Florida —This week, several media outlets published stories that contained inaccuracies about the safety of Florida’s beach water related to cases of Vibrio vulnificus infections.
Vibrio vulnificus is a potentially deadly bacteria. While it can destroy tissue, officials said it is not a flesh-eating disease, as some media outlets have stated.
Annually, the Florida Department of Health issues a release to remind Floridians of ways to protect themselves and minimize exposure to the naturally occurring bacterium found in warm, salt and brackish seawater.
In 2015, the department has reported eight cases of Vibrio vulnificus infections, which include two deaths. Areas of reported cases of Vibrio vulnificus in 2015 include, Marion (fatal), Brevard (fatal), Brevard (2), Duval, Pasco, Santa Rosa, and St. Lucie counties.
According to the Department, Vibrio vulnificus infections are rare.
Friday, the Department of Health and the CDC, provided Ocala Post with some important facts about Vibrio vulnificus.
The bacterium does not pose a risk to a normal healthy person who does not have open cuts, scratches, blisters, or other types of open wounds.

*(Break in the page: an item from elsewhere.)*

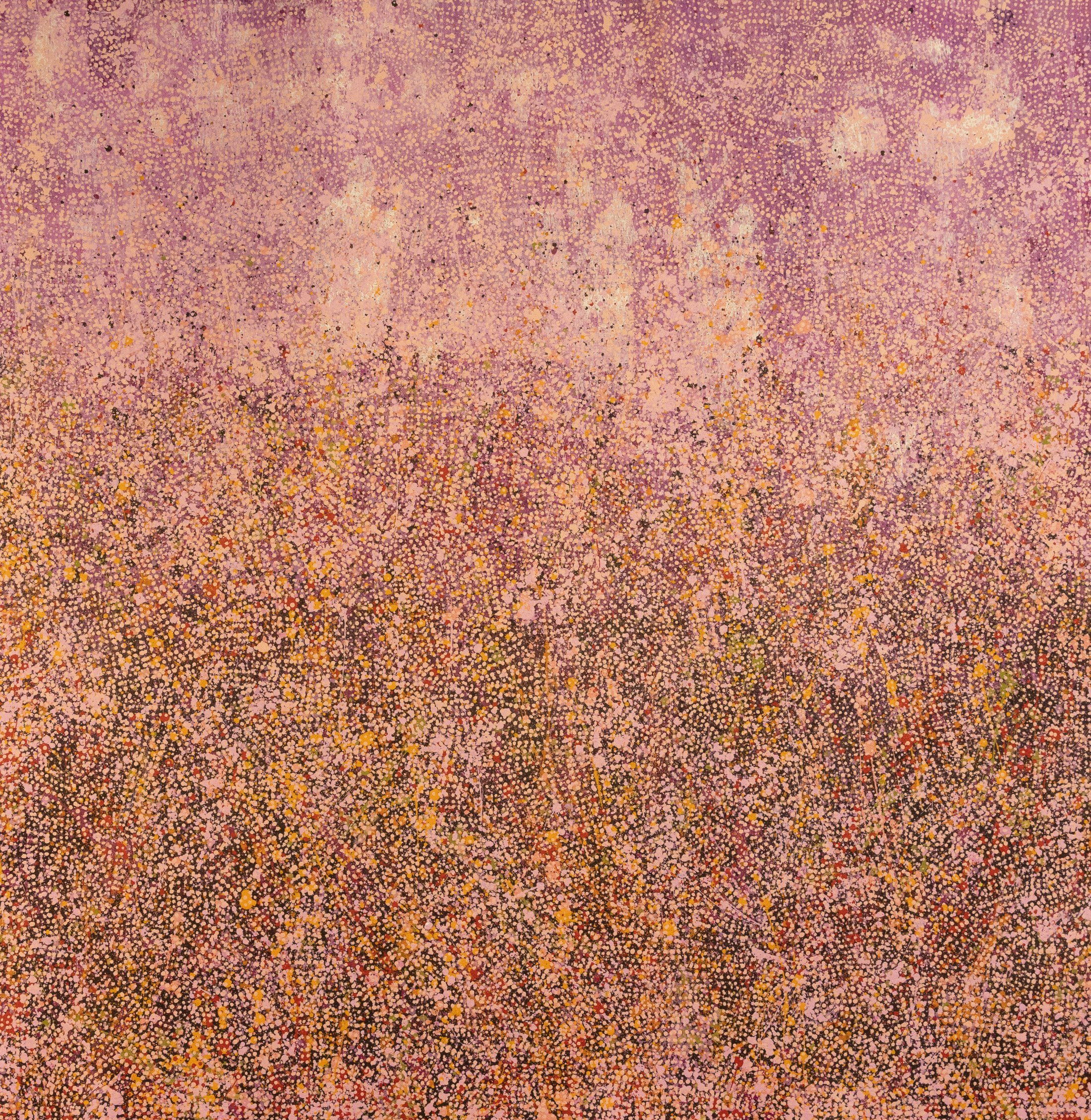 This is the Fortescue Mulla Mulla, Gumbarli in Yindjibarndi language. The flower is a purplish colour. Not a bush medicine, just a flow that grows in the Country, in lines along the roads, everywhere. In this painting, the seeds of the Mulla Mulla are all blowing out. Once the leaves and petals have fallen off, the seeds are flown all through the land to bring flowers again next year. The sturt pea has a vibrant red flower with a black centre piece. It has a succulent sweet juice that can be eaten.

Therefore, it is safe for a healthy person to swim in Florida’s coastal waters.
Vibrio vulnificus is a bacterium in the same family as those that cause cholera and Vibrio parahaemolyticus. It normally lives in warm seawater and is part of a group of vibrios that are called “halophilic” because they require salt.

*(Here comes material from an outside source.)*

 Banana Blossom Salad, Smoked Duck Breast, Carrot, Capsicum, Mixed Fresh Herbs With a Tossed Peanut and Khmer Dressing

According to the CDC, the bacteria could cause gastroenteritis and in rare cases it can lead to septicemia, or an infection of the blood. If the bacteria infects the body through an open wound, the injury can become necrotic and amputations may become necessary to save a person’s life.
Vulnificus can cause disease in those who eat contaminated seafood or have an open wound that is exposed to seawater. Among healthy people, ingestion of vulnificus can cause vomiting, diarrhea, and abdominal pain.

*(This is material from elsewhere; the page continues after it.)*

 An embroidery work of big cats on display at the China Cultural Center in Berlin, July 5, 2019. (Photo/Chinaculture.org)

In immunocompromised persons, particularly those with chronic liver disease, vulnificus can infect the bloodstream, causing a severe and life-threatening illness characterized by fever and chills, decreased blood pressure (septic shock), and blistering skin lesions. Vulnificus bloodstream infections are fatal about 50% of the time.
Vulnificus can cause an infection of the skin when open wounds are exposed to warm seawater; these infections may lead to skin breakdown and ulceration. Persons who are immunocompromised are at higher risk for invasion of the organism into the bloodstream and potentially fatal complications.
Although oysters can be harvested legally only from waters free from fecal contamination, even legally harvested oysters can be contaminated with vulnificus because the bacterium is naturally present in marine environments. Vulnificus does not alter the appearance, taste, or odor of oysters.
Florida’s beaches and water are safe to enjoy responsibly—risk of infection is minimal if you take proper precautions.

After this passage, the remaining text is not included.